Таким образом она выпытала у меня о схватке на бриге, о которой я умолчал, когда впервые рассказал ей о своих делах.

– Да, – сказала она, – вы храбрый! А другом вашим я восхищаюсь и люблю его.

– Я думаю, что нельзя не любить его! – сказал я. – У него, как и у всех, есть свои недостатки, но он храбр, верен и добр, да благословит его бог! Странно было мне забыть Алана.

Мысль о нем, о возможности увидеться с ним этой ночью не давала мне покоя.

– Где у меня голова, ведь я не поделилась с вами моей новостью! – воскликнула Катриона и рассказала, что получила письмо от отца, сообщавшего, что она может на следующий день навестить его в замке, куда его перевели, и что дела его поправляются. – Вы не желаете это слышать? – прибавила она. – Неужели вы осуждаете моего отца, не зная его?

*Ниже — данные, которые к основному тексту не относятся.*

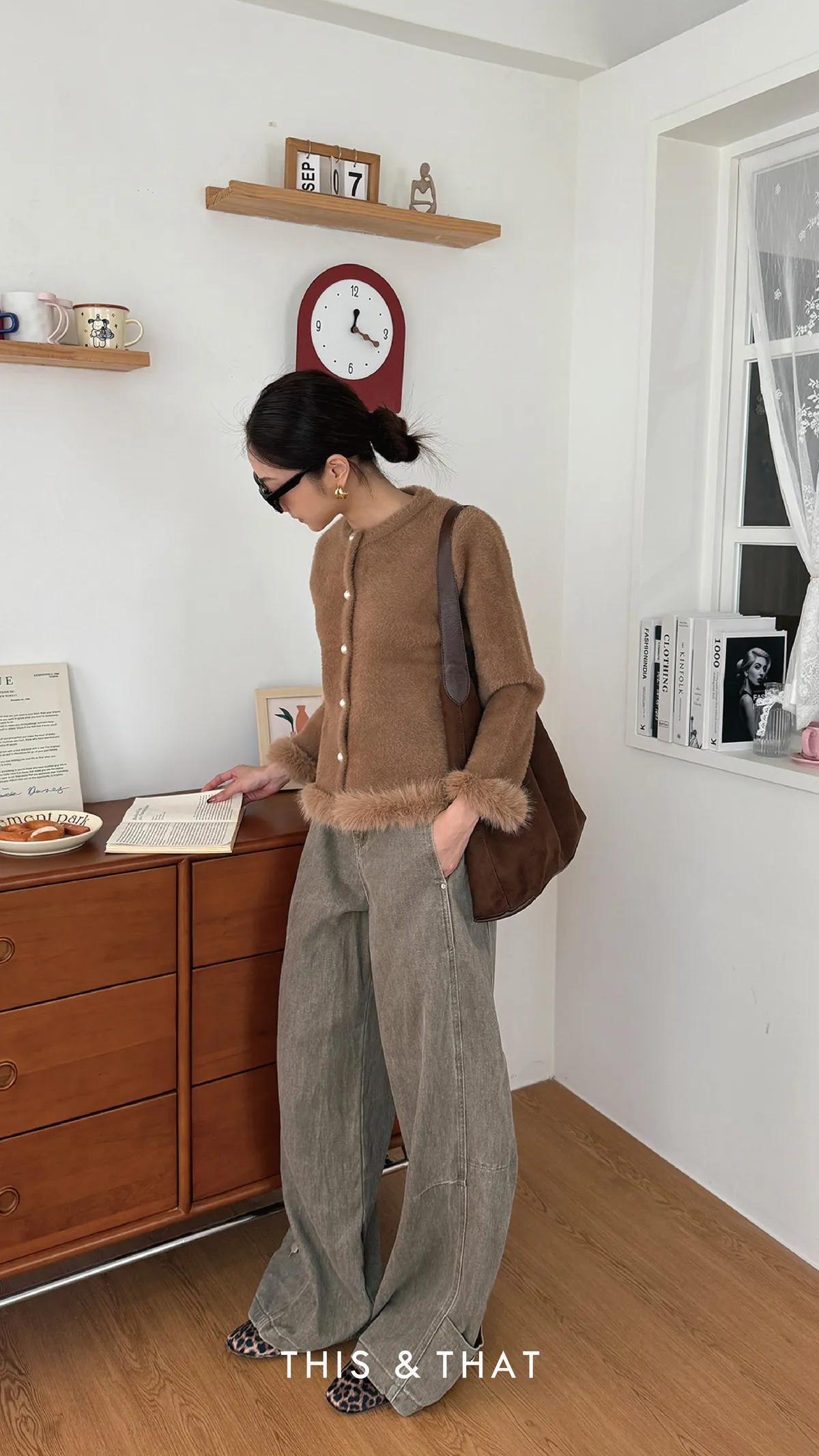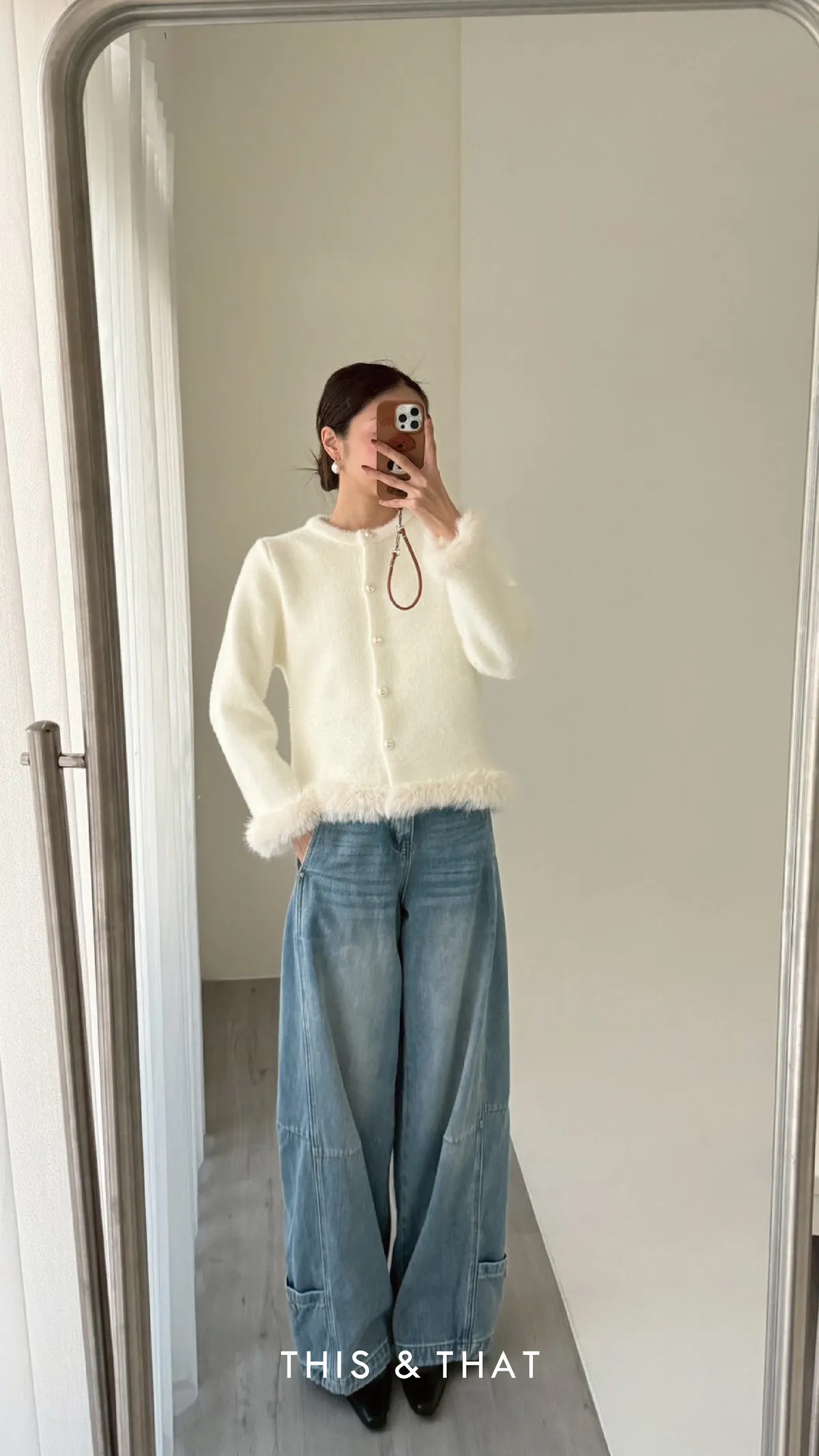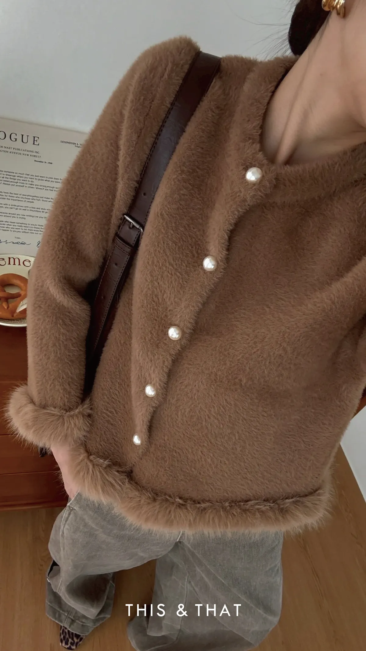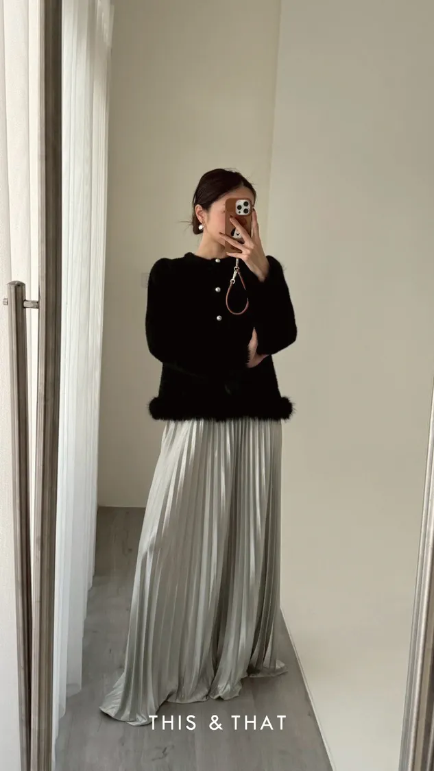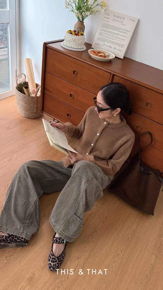 FW341 財閥家小女兒~水貂毛毛珍珠排釦開襟衫 - 3色
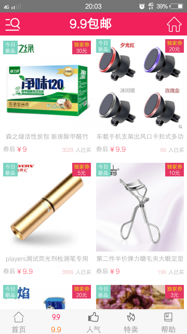 9.9栏目:券后价9.9元以内的小而美精品汇。
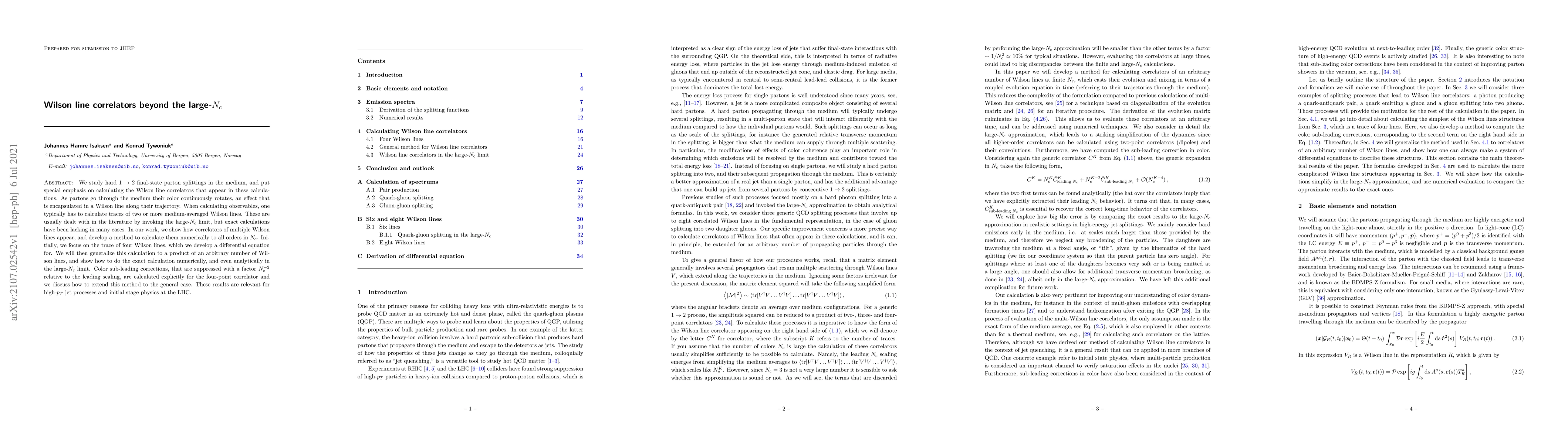 We study hard $1\to 2$ final-state parton splittings in the medium, and put special emphasis on calculating the Wilson line correlators that appear in these calculations. As partons go through the medium their color continuously rotates, an effect that is encapsulated in a Wilson line along their trajectory. When calculating observables, one typically has to calculate traces of two or more medium-averaged Wilson lines. These are usually dealt with in the literature by invoking the large-$N_c$ limit, but exact calculations have been lacking in many cases. In our work, we show how correlators of multiple Wilson lines appear, and develop a method to calculate them numerically to all orders in $N_c$. Initially, we focus on the trace of four Wilson lines, which we develop a differential equation for. We will then generalize this calculation to a product of an arbitrary number of Wilson lines, and show how to do the exact calculation numerically, and even analytically in the large-$N_c$ limit. Color sub-leading corrections, that are suppressed with a factor $N_c^{-2}$ relative to the leading scaling, are calculated explicitly for the four-point correlator and we discuss how to extend this method to the general case. These results are relevant for high-$p_T$ jet processes and initial stage physics at the LHC.
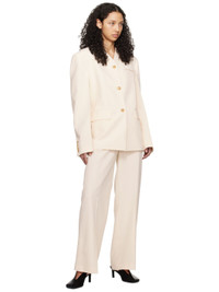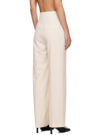 Wide-leg stretch polyester- and viscose-blend crepe trousers. · High-rise · Belt loops · Four-pocket styling · Zip-fly · Central crease at front and back Supplier color: Creme 68% polyester, 29% viscose, 3% elastane. Made in Hungary 241845F087005
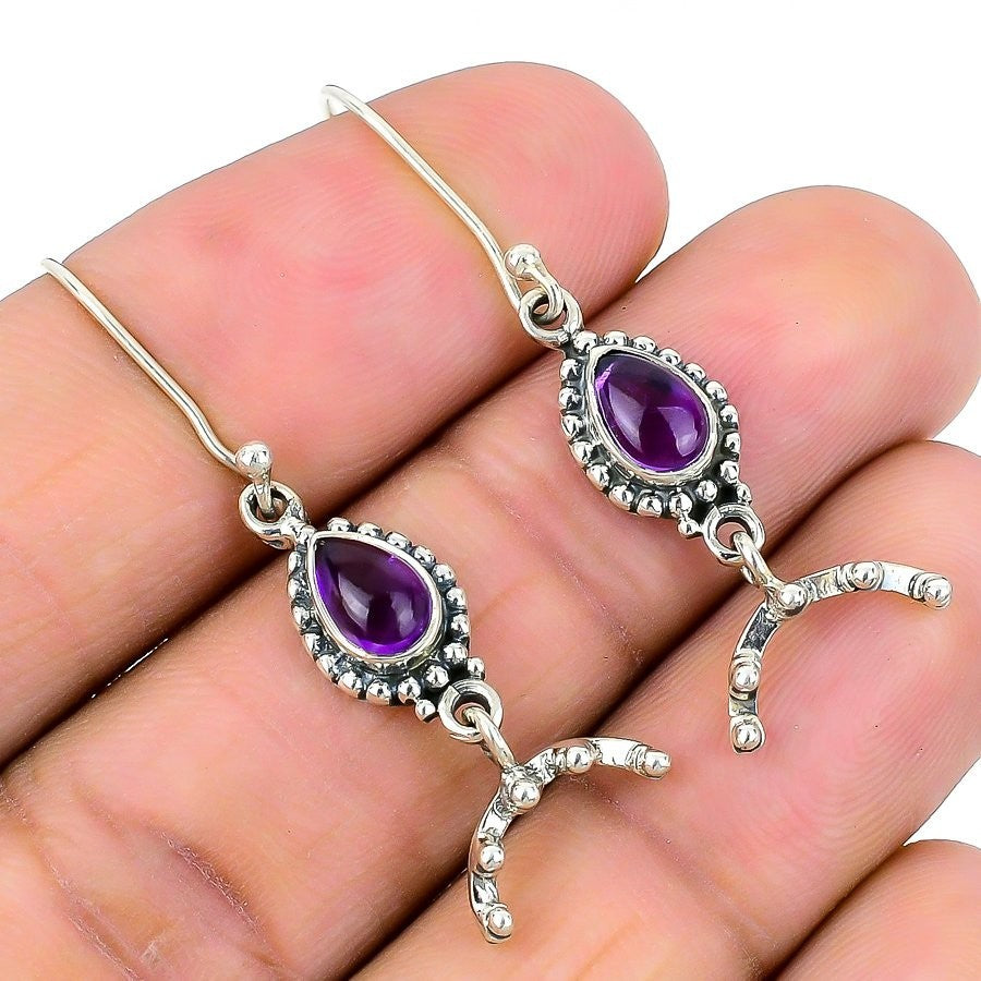 Crown Chakra Sage Amethyst Gemstone Solid Silver Dangle Anniversary New Earrings

– Я вовсе не осуждаю его, – возразил я. – Даю вам слово, я очень рад, что вы теперь спокойнее. Если выражение моего лица и изменилось, то сознайтесь, что сегодня неудачный день для примирений и что с людьми, стоящими у власти, очень скверно иметь дело. Этот Симон Фрэзер все еще сильно удручает меня.

– О, – воскликнула она, – надеюсь, вы не будете сравнивать! Вам надо помнить, что Престонгрэндж и Джемс Мор, мой отец, – одной крови.

– Я никогда об этом не слышал, – сказал я.

– Странно, что вы так мало знакомы с этим, – сказала она. – Одни могут называться Грантами, а другие Мак-Грегорами, но они все-таки принадлежат к одному клану. Все они сыны Альпина, по имени которого, я думаю, называется наша страна.

– Какая страна? – спросил я.

– Моя и ваша родина, – отвечала она.

– Сегодня день открытий, кажется, – сказал я. – Я всегда думал, что она называется Шотландией.

– Шотландия – имя страны, которую вы называете Ирландией, – отвечала она. – Старинное же и настоящее название земли, где мы живем и из которой мы созданы, Альбан. Она называлась Альбан, когда наши предки сражались за нее против Рима и Александра, и ее до сих пор называют так на вашем языке, который вы забыли.

– По правде, я никогда и не учился ему, – сказал я. У меня не хватило духу поправить ее насчет Александра Македонского.

– Но ваши предки говорили на нем много поколений подряд, – сказала она. – На нем пели колыбельные песни, когда нас еще не было на свете. И ваше имя еще напоминает о нем. О, если бы вы говорили на этом языке, я показалась бы вам совсем другой. Мое сердце говорит этим языком.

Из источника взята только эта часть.